Problem >> Copy word for word, please, the lines of the entries below running from the one containing "(1)计算:|﹣3|+×3﹣1;(2)解方程: +=1." to the one containing "2026학년도 대전대화초등학교 우유 구매 소액수의 견적 제출 공고 |", both ends included.

Data for this exercise >>
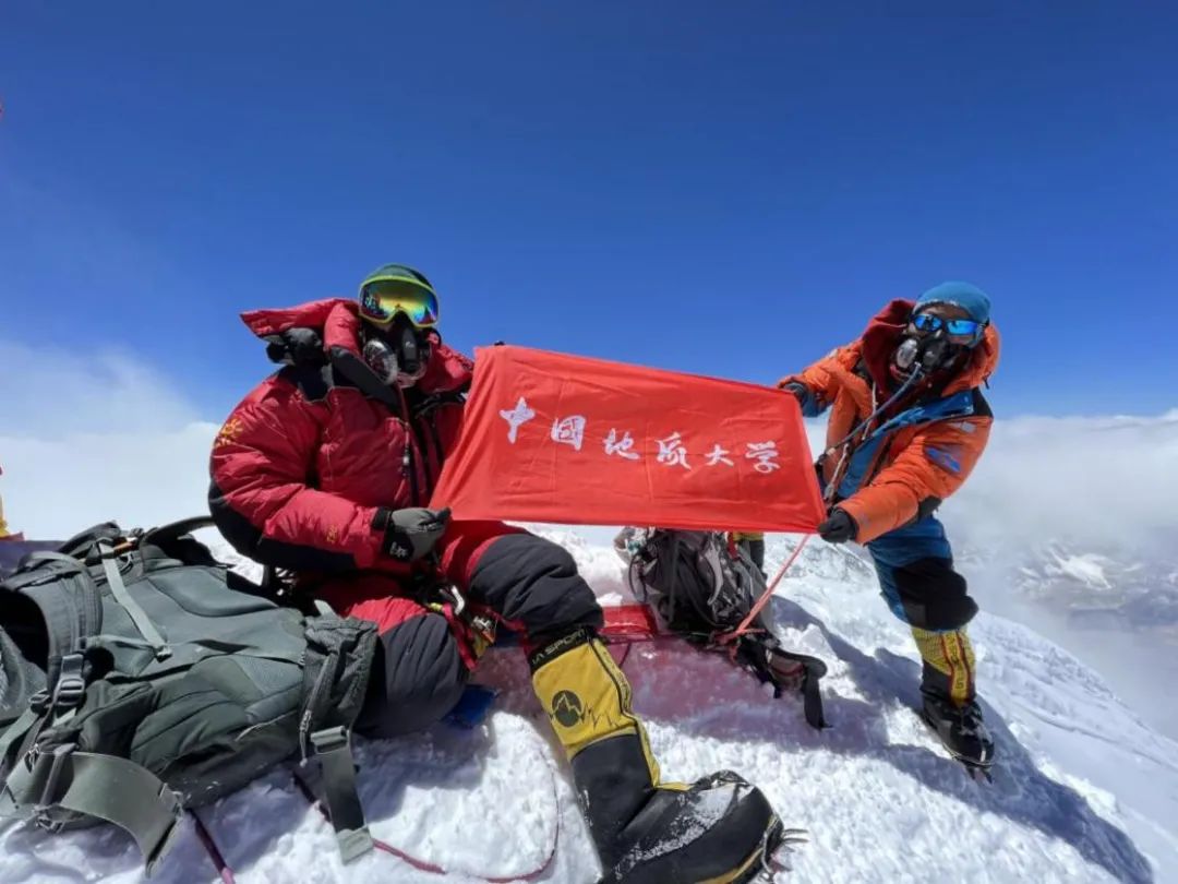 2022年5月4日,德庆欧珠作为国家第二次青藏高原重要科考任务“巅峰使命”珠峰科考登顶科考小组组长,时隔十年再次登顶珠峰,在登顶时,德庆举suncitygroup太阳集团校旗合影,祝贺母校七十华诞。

...

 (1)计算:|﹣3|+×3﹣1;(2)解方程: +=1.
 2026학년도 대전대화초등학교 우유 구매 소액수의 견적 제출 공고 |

--

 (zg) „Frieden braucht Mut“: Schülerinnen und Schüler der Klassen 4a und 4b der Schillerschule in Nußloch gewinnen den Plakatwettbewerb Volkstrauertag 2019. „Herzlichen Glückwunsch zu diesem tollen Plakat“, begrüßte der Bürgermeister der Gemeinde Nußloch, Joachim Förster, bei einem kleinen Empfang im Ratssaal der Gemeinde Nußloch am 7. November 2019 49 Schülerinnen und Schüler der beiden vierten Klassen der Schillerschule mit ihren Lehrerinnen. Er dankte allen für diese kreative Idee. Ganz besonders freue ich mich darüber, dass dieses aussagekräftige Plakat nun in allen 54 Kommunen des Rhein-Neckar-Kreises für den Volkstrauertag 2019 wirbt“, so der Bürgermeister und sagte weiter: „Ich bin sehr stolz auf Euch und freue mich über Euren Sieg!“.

Solution below >>
 (1)计算:|﹣3|+×3﹣1;(2)解方程: +=1.
 2026학년도 대전대화초등학교 우유 구매 소액수의 견적 제출 공고 |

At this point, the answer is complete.